= Syrco Bakker =

Dutch chef and entrepreneur

Syrco Bakker (Veghel, 14 November 1984) is a Dutch chef of Indonesian descent. He was head chef of Pure C, where he earned two Michelin stars. In 2022 he was named Chef of the Year by Gault&Millau. He has restaurants in Ubud, Bali and in Ras Al Khaimah, United Arab Emirates.

== Biography ==
Bakker grew up in Oisterwijk. His maternal grandparents are from Indonesia. His father, Cos Bakker, is from the north of the Netherlands and was a teacher and, until his retirement, deputy director of the Hotel Management School De Rooi Pannen in Tilburg. He later became an entrepreneur in Indonesian food products under his own brand. Cos Bakker came to know Indonesian cuisine through his wife, who also worked at the hotel school, and his mother-in-law, who taught him to prepare traditional family dishes.

Syrco Bakker had ambitions to become an entrepreneur from a young age. He worked various jobs, including as a dishwasher in a restaurant, where he developed an interest in hospitality. He studied hotel management at De Rooi Pannen in Tilburg. During his final year, he did an internship at the Michelin-starred restaurant De Librije under Jonnie Boer, after which he decided not to pursue further hotel education and instead focus entirely on a career as a chef. He spent several years working abroad, including with starred chefs Jean-Georges Klein in France and Gordon Ramsay in London. At the age of 22, he returned to the Netherlands, where he was hired at the three-Michelin-starred restaurant Oud Sluis under Sergio Herman and quickly rose to the position of sous chef.

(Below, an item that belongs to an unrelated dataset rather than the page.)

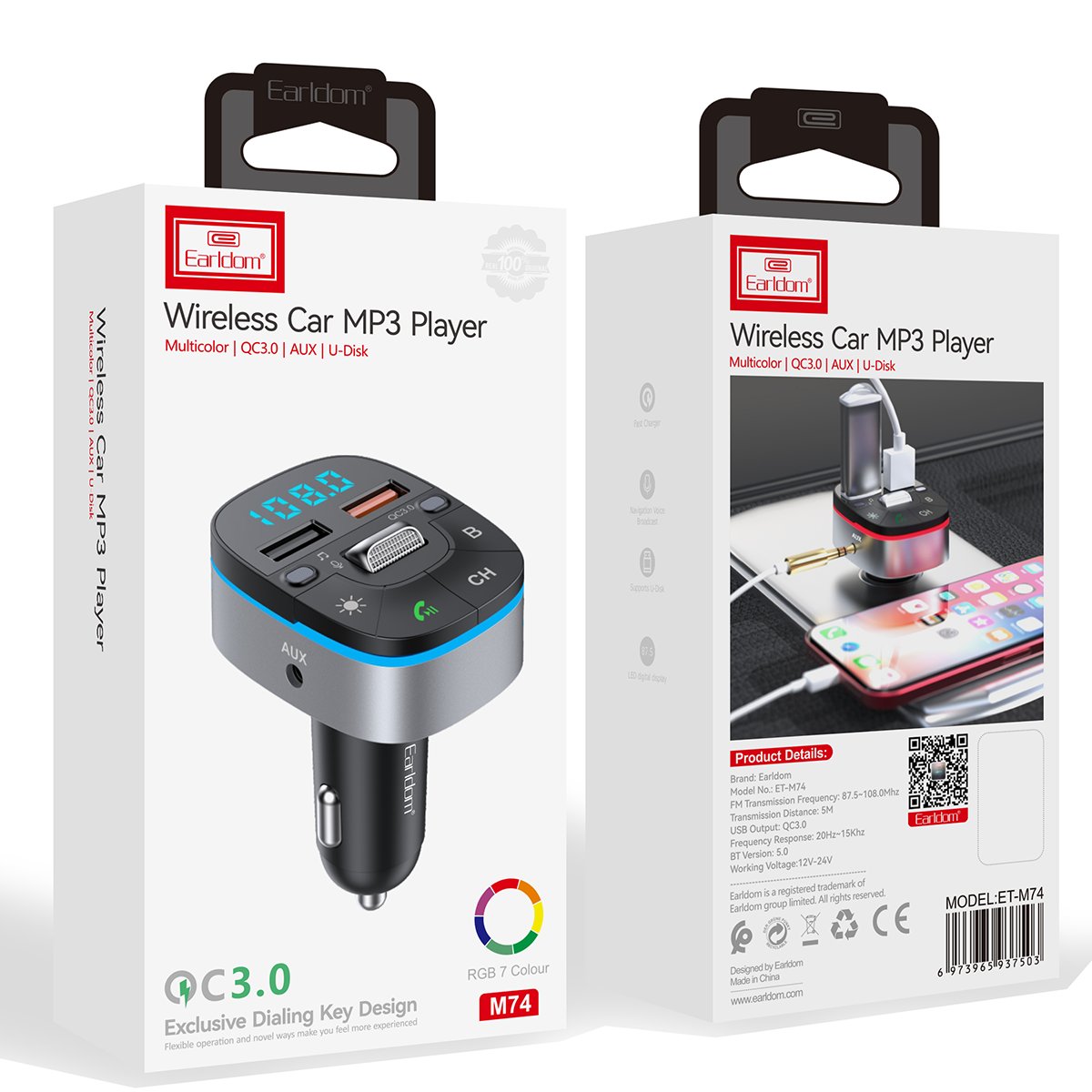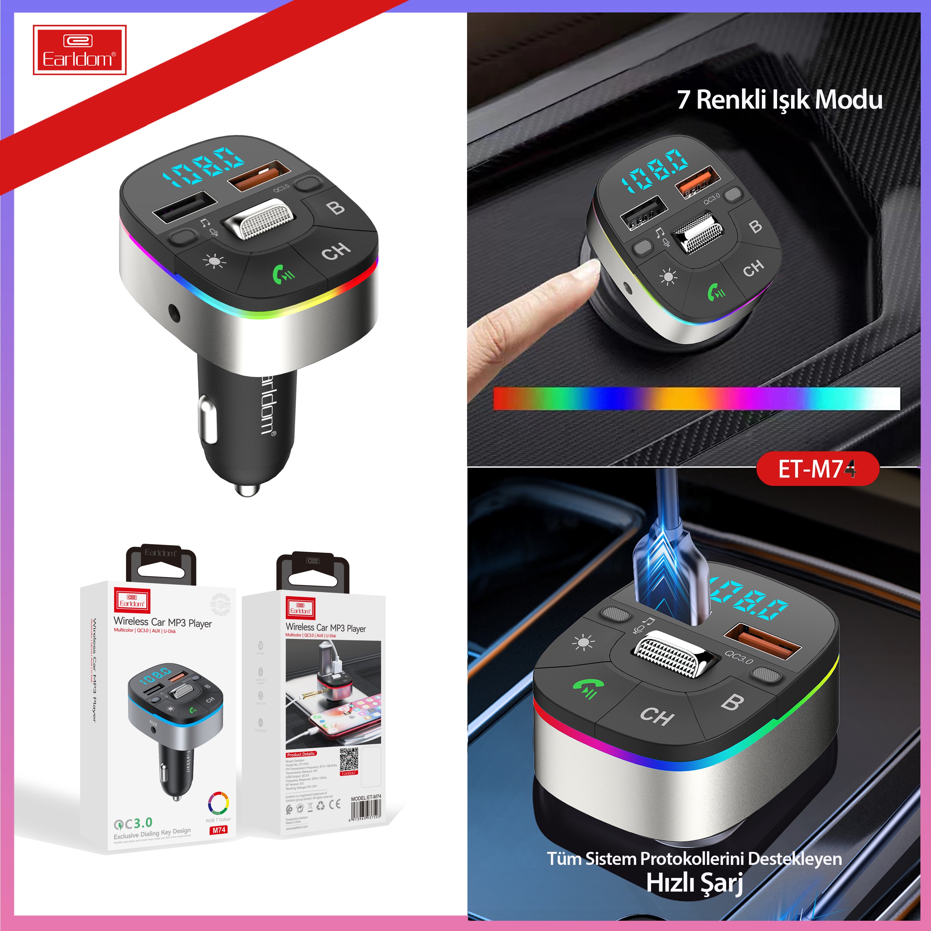 Earldom M74 Bluetooth USB 3.0 Dijital Ekranlı FM Transmitter

In 2010, Bakker became head chef of Pure C in Cadzand, Sergio Herman's other restaurant. Under his leadership, Pure C earned its first Michelin star in 2011 and a second star in 2019. In early 2022, Bakker was named Chef of the Year by Gault&Millau for his "creative and often daring style." He was particularly known for his nasi goreng, which he elevated into a fine dining dish.

At the end of 2022, Bakker left Pure C to focus on entrepreneurship. As a result, Pure C became the first Dutch restaurant to lose its stars under Michelin's new rules. Bakker contributed to several commercial projects of his own and of smaller producers focused on Indonesian cuisine and alcoholic beverages.

In 2024, he founded the restaurant Syrco BASÈ in Ubud, Bali, temporarily relocating with his family to Bali. That same year, he began executing plans for a restaurant in the national monument D'Ouwe Schoole in the border municipality of Retranchement, between Knokke and Cadzand, involving an extensive renovation. In 2025, he opened the restaurant Farmhouse by Syrco at The Ritz-Carlton Al Wadi Desert in Ras Al Khaimah, United Arab Emirates.